High Court Of Gujarat|28 February, 2012

JUDGMENT / ORDER

By way of present revision application, filed under Section 397 read with Section 401 of the Code of Criminal Procedure, 1973, the applicant has prayed to quash and set aside the judgment and order of conviction dated 05th August, 2010 passed by the learned Additional City Sessions Judge, Court No.6, Ahmedabad in Criminal Appeal No.113 of 2007 whereby the learned Additional City Sessions Judge has confirmed the judgment and order of conviction dated 23rd August, 2007 passed by the learned Metropolitan Magistrate, Court No.6, Ahmedabad in Criminal Case No.36 of 2001.
The short facts of the prosecution case is that the complainant is Food Inspector. It is the case of the prosecution that that on 17th June, 2000 at about 11.30 hours the complainant and his peon were standing at Sarkhej octroi toll booth for the purpose of taking specimen of the foods being transported in the vehicles. At that time one temp passed and it was intercepted by the complainant.
When the driver of the tempo was asked about the goods, the driver told that he was on his way to deliver oil tins to Puja Chambers, Vasna, Ahmedabad and further stated that the said goods were purchased by the present applicant. Thereafter the applicant was called to the place. Thereafter, in presence of panch witness, the complainant take sample of oil from one of the tins after paying consideration. It is also the case of the prosecution that after following due procedure of sealing, the sample was sent to the Public Analyst, Ahmedabad for analysis. On examination, the Public Analyst found that the said sample was not in confirmity with the standard prescribed under the provisions of the Prevention of Food Adulteration Act and Rules and the same appeared to be adulterated. Therefore, after following the due procedure, complaint was filed against the present applicant in the Court of learned Metropolitan Magistrate, for the offence punishable under Section 7 read with Section 16(1)(a)(i) of the Prevention of Food Adulteration Act.

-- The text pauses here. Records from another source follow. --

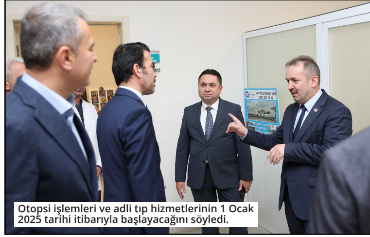
Otopsi işlemleri ve adli tıp hizmetlerinin 1 Ocak 2025 tarihi itibarıyla başlayacağını söyledi.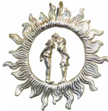
Anhänger Die Liebenden Silber € 290,-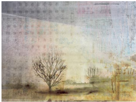
Giclée Print Motivmaße nach Absprache Auflage 20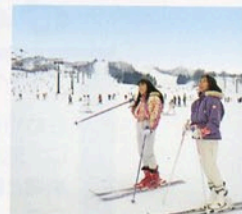
広大なパノラマゲレンデ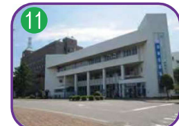
糸魚川市民会館 3階建・海拔 10.0m

Thereafter the learned Magistrate issued summons to the applicant and then charge was framed; however, the applicant denied the case of the prosecution and claimed to be tried. Thereafter, trial against the applicant commenced. After hearing both the sides, the learned Metropolitan Magistrate vide his impugned judgment and order of conviction dated 23rd August, 2007 convicted the applicant for the offence punishable under Section 7 read with Section 16(1)(a)(i) of the Prevention of Food Adulteration Act and ordered to undergo rigorous imprisonment for a period of six months and also imposed fine of Rs.1,000/-, and in default of payment of fine, ordered to undergo simple imprisonment for a further period of one month. However, the learned Magistrate acquitted the accused No.2 giving benefit of doubt.
Being aggrieved by and dissatisfied with the said impugned judgment and order of conviction, the applicant has preferred Criminal Appeal No.113 of 2007 in the Court of Sessions. After appreciating the evidence produced on record and after perusing the judgment and order of trial Court, the learned Sessions Judge, Court No.6, Ahmedabad vide his impugned judgment and order dated 05th August, 2010 confirmed the judgment and order dated 23rd August, 2007 passed by the learned Metropolitan Magistrate, Court No.6, Ahmedabad and dismissed the appeal of the present applicant.
Being aggrieved by and dissatisfied with both the impugned judgment and order of conviction, the applicant has preferred the present revision application.
Heard Mr.D.K. Modi, learned counsel for the applicant, Mr.H.L. Jani, learned Additional Public Prosecutor for respondent No.1-State and Ms.Shaili Kapadia, learned counsel for respondent No.2.
Mr.Modi, learned counsel for the applicant, states that the prosecution has failed to prove its case beyond reasonable doubt against the present applicant. He has contended that the oil tins were recovered at Sarkhej toll booth and not from the place of the present applicant. The said tins of groundnut oil were purchased by the present applicant for the purpose of selling in Ahmedabad. Name of manufacturer was also stated on the label pasted on the tins. Thus, the applicant is the retailer and not the manufacturer or producer of the oil. Therefore, the applicant cannot be convicted for the offence alleged against him. Even the applicant has not taken the delivery of the oil tins. The said tins were packed and were not recovered from the place of the applicant. Hence, if at all the said oil was adulterated, then also the applicant cannot be held guilty. He has further contended that the complainant-Food Inspector has not followed the mandatory provisions contemplated under the Prevention of Food Adulteration Act and Rules. The complainant has not properly followed the provisions of law while sealing and seizing the sample. Both the Courts below have not properly appreciated the evidence produced before them and have passed absolutely unjust orders. He has contended that both the Courts below have not given any cogent and convincing reason for convicting the applicant. Even there are contradiction in the depositions of complainant and panch, which is not properly appreciated by the Courts below. He, therefore, contended that looking to the facts of the case and evidence on record, both the impugned judgment and orders of conviction are required to be quashed and set aside.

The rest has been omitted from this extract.